Exercise instructions: A picture-free, exact transcript of the entries below is required.

*** Begin section ***

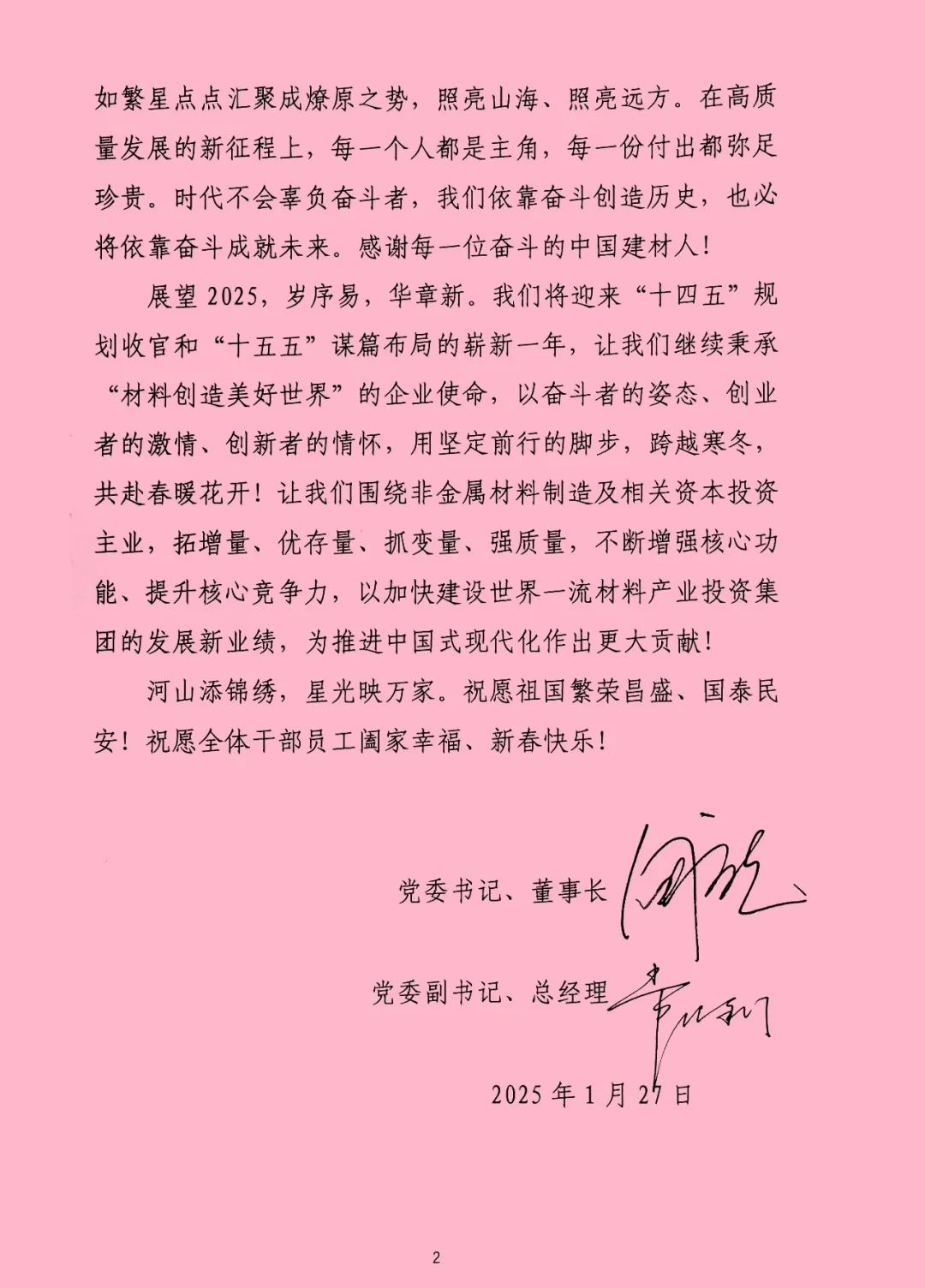 展望2025,岁序易,华章新。我们将迎来“十四五”规划收官和“十五五”谋篇布局的崭新一年,让我们继续秉承“材料创造美好世界”的企业使命,以奋斗者的姿态、创业者的激情、创新者的情怀,用坚定前行的脚步,跨越寒冬,共赴春暖花开!让我们围绕非金属材料制造及相关资本投资主业,拓增量、优存量、抓变量、强质量,不断增强核心功能、提升核心竞争力,以加快建设世界一流材料产业投资集团的发展新业绩,为推进中国式现代化作出更大贡献!
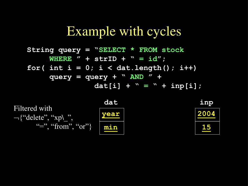 Example with cycles String query = “SELECT * FROM stock WHERE ” + strID + “ = id”; for( int i = 0; i < dat.length(); i++) query = query + “ AND ” + dat[i] + “ = “ + inp[i]; dat inp Filtered with {“delete”, “xp\_”, “=”, “from”, “or”} min min 14 15) SELECT * FROM stock WHERE NOT(1= id ANDmin=14ANDmin=15)
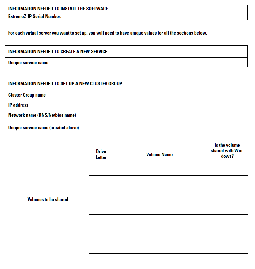 Zur Vereinfachung dieses Prozesses stellen wir Ihnen ein Arbeitsblatt zur Vorbereitung der Installation zur Verfügung. Duplizieren Sie das Arbeitsblatt für jeden weiteren Access Connect Virtual Server, den Sie erstellen möchten. Informationen, die für die Installation der Seriennummer der Software Access Connect benötigt werden:
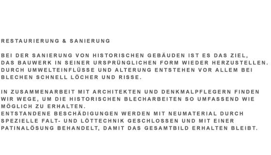 Durch Umwelteinflüsse und Alterung entstehen vor allem bei Blechen schnell Löcher und Risse. In Zusammenarbeit mit Architekten und Denkmalpflegern finden wir Wege, um die historischen Blecharbeiten so umfassend wie möglich zu erhalten.
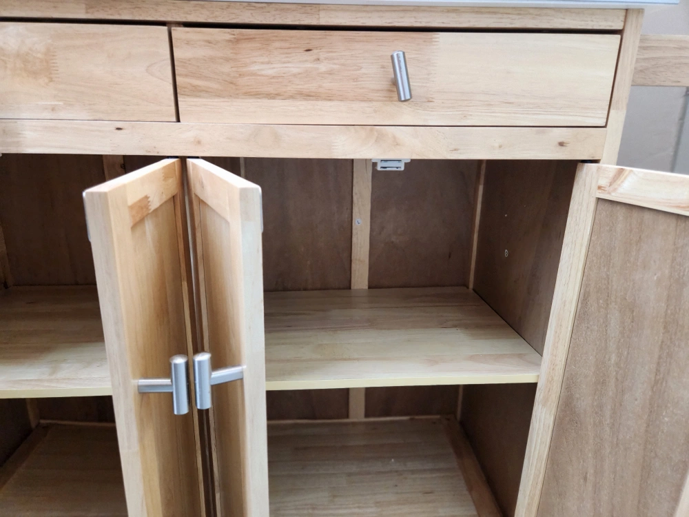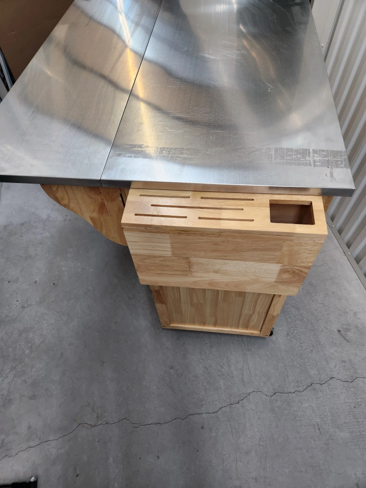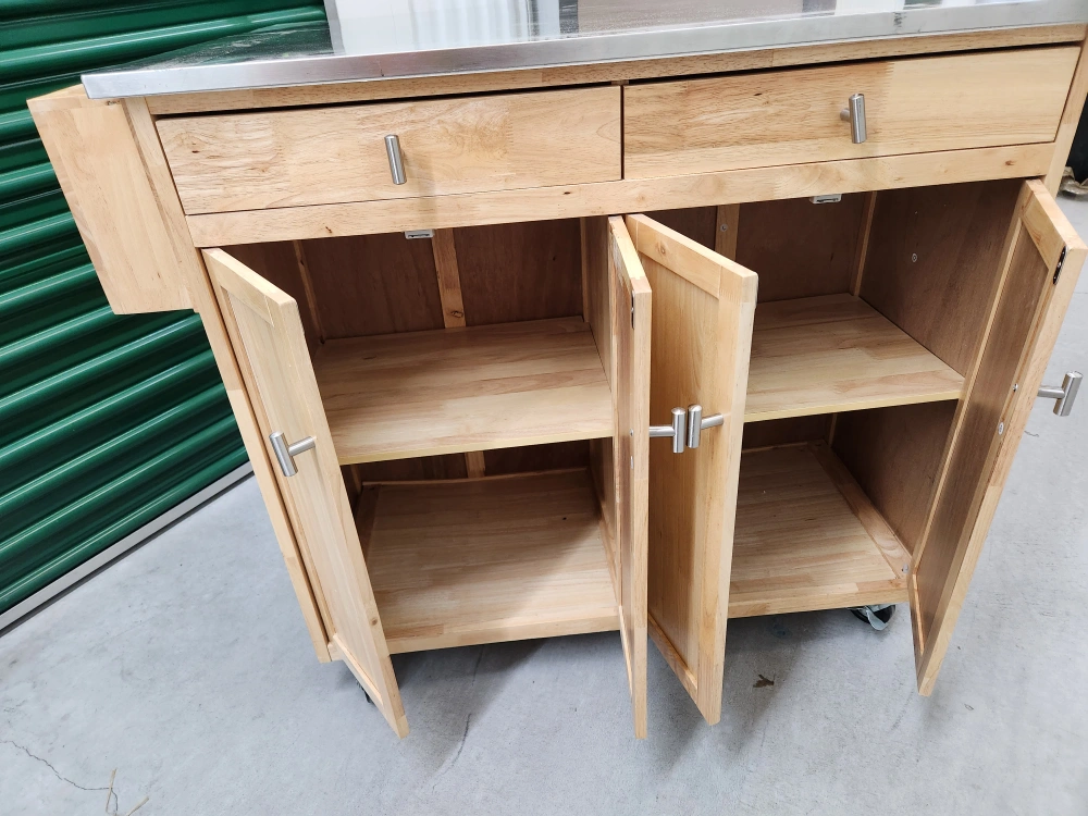 Rolling kitchen cart. Features stainless steel countertop, two drawers, and three cabinets. Plenty of storage. Wood construction. Wheels for easy mobility.

*** End section ***

Solved exercise:
 展望2025,岁序易,华章新。我们将迎来“十四五”规划收官和“十五五”谋篇布局的崭新一年,让我们继续秉承“材料创造美好世界”的企业使命,以奋斗者的姿态、创业者的激情、创新者的情怀,用坚定前行的脚步,跨越寒冬,共赴春暖花开!让我们围绕非金属材料制造及相关资本投资主业,拓增量、优存量、抓变量、强质量,不断增强核心功能、提升核心竞争力,以加快建设世界一流材料产业投资集团的发展新业绩,为推进中国式现代化作出更大贡献!
 Example with cycles String query = “SELECT * FROM stock WHERE ” + strID + “ = id”; for( int i = 0; i < dat.length(); i++) query = query + “ AND ” + dat[i] + “ = “ + inp[i]; dat inp Filtered with {“delete”, “xp\_”, “=”, “from”, “or”} min min 14 15) SELECT * FROM stock WHERE NOT(1= id ANDmin=14ANDmin=15)
 Zur Vereinfachung dieses Prozesses stellen wir Ihnen ein Arbeitsblatt zur Vorbereitung der Installation zur Verfügung. Duplizieren Sie das Arbeitsblatt für jeden weiteren Access Connect Virtual Server, den Sie erstellen möchten. Informationen, die für die Installation der Seriennummer der Software Access Connect benötigt werden:
 Durch Umwelteinflüsse und Alterung entstehen vor allem bei Blechen schnell Löcher und Risse. In Zusammenarbeit mit Architekten und Denkmalpflegern finden wir Wege, um die historischen Blecharbeiten so umfassend wie möglich zu erhalten.
 Rolling kitchen cart. Features stainless steel countertop, two drawers, and three cabinets. Plenty of storage. Wood construction. Wheels for easy mobility.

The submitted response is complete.